Defence counsel's reference to the potential for inconsistency is also instructive. It seems strange that an accused must be protected from the risk of giving inconsistent evidence in two proceedings. To me, the accused is the one who is responsible for the words that come out of his mouth and, if he introduces inconsistency in his evidence in two trials, that is a matter that legitimately may reflect on his credibility. Finally, all of this overlooks the possibility that the trial judge in the murder trial could, if there was any relevant unfairness, exclude the evidence tendered in the previous trial under s137 of the UEA. The "unfair prejudice" being the fact that, but for the order in which the trials were held, the evidence would not have been obtained and the Crown should not derive a forensic benefit from those circumstances.

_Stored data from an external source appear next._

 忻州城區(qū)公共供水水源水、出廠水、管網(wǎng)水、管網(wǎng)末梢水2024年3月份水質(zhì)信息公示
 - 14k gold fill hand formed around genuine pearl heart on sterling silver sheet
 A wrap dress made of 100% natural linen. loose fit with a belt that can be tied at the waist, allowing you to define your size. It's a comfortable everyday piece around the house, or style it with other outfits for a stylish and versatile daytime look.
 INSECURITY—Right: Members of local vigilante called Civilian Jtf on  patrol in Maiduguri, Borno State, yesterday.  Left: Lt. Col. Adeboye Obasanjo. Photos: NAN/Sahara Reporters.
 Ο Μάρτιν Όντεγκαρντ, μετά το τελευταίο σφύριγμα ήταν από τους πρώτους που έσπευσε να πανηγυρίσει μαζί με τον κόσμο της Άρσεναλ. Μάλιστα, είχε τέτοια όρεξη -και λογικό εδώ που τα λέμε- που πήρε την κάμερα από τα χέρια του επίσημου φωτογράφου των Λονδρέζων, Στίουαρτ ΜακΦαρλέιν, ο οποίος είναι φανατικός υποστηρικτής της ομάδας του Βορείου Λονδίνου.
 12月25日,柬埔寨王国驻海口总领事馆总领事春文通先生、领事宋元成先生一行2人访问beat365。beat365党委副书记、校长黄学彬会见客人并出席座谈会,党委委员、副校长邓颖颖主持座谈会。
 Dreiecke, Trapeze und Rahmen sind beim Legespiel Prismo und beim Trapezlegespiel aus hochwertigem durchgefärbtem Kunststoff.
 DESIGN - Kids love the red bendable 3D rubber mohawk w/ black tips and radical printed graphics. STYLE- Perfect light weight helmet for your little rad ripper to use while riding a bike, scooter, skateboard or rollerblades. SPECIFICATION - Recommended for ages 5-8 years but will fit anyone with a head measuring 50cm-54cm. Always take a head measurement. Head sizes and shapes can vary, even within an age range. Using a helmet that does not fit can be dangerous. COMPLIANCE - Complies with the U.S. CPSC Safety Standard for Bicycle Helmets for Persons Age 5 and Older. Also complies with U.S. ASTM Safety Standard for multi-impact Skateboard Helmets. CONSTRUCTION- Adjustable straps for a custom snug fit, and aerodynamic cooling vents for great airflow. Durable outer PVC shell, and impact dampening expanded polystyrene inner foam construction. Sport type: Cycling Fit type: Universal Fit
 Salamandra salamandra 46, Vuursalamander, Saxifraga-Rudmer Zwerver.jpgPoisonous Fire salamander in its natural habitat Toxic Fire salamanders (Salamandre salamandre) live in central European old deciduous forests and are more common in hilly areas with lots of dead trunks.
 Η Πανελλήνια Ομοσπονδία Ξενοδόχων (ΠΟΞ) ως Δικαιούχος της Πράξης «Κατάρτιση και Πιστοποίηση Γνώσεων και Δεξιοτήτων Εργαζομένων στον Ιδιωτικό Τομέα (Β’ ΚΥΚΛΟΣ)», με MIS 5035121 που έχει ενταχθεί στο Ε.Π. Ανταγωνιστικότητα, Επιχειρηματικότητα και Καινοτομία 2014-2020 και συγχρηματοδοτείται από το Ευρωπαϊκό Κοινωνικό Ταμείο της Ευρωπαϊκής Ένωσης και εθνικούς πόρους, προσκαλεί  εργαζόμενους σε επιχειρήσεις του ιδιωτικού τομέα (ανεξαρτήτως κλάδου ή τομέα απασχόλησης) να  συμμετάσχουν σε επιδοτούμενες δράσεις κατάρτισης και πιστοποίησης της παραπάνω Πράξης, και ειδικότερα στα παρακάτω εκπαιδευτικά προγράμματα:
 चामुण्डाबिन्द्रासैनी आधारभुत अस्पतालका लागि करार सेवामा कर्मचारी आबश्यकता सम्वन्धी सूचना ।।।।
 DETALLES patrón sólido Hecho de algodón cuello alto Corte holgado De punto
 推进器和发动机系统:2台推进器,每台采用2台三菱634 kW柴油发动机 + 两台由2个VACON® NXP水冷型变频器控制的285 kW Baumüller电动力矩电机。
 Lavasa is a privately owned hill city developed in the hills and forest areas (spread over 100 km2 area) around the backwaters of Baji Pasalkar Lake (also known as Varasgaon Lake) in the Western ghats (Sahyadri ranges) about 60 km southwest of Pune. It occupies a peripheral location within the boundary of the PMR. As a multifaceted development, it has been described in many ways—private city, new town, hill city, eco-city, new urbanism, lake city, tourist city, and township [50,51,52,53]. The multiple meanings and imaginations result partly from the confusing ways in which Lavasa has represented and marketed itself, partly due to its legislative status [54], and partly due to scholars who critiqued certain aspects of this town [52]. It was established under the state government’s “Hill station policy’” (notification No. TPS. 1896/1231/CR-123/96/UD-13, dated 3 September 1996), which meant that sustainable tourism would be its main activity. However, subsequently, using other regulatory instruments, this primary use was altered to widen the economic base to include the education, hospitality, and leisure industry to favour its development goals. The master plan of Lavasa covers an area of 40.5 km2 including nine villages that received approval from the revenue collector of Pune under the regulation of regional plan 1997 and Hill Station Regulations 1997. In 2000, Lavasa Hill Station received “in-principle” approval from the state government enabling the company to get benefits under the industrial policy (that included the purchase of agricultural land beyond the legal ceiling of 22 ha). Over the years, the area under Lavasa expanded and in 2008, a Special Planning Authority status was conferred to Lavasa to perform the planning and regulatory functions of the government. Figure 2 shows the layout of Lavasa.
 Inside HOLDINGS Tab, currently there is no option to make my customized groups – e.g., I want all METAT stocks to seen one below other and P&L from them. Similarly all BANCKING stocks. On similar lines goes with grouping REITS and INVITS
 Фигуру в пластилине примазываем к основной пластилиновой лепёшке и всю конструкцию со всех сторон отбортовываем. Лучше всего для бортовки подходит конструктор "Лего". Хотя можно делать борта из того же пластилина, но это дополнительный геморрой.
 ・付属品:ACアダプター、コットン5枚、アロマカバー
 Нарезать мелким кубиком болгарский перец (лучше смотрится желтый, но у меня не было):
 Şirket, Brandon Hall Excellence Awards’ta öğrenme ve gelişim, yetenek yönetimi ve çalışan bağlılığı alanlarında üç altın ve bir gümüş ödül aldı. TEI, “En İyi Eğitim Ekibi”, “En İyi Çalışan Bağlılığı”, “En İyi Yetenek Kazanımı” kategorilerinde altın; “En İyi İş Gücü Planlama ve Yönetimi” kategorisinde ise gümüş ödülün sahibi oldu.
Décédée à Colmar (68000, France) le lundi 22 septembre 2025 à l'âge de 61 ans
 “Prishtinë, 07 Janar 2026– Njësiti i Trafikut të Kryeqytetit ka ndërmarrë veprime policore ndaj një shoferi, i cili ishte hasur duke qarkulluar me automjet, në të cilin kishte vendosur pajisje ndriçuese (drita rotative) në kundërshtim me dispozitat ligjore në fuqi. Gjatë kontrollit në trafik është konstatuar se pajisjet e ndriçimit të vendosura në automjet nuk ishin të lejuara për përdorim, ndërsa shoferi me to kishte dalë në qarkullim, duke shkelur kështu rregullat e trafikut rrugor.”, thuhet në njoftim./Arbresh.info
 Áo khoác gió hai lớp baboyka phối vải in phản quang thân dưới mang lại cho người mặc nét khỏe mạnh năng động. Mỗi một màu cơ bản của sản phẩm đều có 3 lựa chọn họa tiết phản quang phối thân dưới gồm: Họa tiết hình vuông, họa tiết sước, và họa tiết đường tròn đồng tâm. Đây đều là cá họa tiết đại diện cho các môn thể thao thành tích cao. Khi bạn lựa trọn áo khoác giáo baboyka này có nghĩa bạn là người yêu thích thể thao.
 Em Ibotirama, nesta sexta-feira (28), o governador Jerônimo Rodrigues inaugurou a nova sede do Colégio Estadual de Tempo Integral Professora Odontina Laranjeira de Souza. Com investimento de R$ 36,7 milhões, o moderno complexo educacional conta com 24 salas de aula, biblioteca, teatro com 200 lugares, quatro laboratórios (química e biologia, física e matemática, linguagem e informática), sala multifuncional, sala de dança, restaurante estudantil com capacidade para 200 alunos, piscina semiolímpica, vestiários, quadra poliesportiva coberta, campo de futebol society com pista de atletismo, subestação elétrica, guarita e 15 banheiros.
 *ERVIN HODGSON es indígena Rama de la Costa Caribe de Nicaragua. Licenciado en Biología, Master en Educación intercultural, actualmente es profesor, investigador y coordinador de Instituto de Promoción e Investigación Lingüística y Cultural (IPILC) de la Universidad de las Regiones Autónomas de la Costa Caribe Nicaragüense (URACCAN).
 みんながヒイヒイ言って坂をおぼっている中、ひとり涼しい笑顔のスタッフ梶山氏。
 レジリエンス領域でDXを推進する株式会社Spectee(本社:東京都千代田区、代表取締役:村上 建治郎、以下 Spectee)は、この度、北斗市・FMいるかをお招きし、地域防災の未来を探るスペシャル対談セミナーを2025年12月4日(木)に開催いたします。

Interest of the complainant
The decision also seems to place no weight on the interest of the complainant in the speedy resolution of proceedings. While there is undoubtedly a danger when trying to balance a complainant's interests (and presumably the community's interest) in the resolution of criminal proceedings against an accused's right to a fair trial, it seems overly simplistic to say that the content of the fair trial right is insufficiently flexible to accommodate both considerations. Related to this issue, I suspect that the comparison Maxwell P makes with concurrent civil proceedings is a false parallel. Concurrent civil proceedings raise the same issues and so it is almost certain that the same defence will apply. Here, there was only a speculative risk that the accused would be compelled to disclose his defence in the murder trial while being cross-examine in the rape trial.

Conclusion
Overall, this decision places very little weight on the considered opinion of two senior County Court judges (the Chief Judge and Judge Wilmoth) that completing the rape trial would be unlikely to prejudice the later murder trial. Further, without knowing the outcome of the murder trial, the rape conviction has been set aside and so the prejudice remains speculative. I cannot help but think that this case will invite practitioners to remain vague about the potential for an accused to suffer prejudice, which affects not only issues concerning stay applications, but could also affect the operation of s137 of the Evidence Act, a provision which still has judges emphasising that it only applies to unfair prejudice.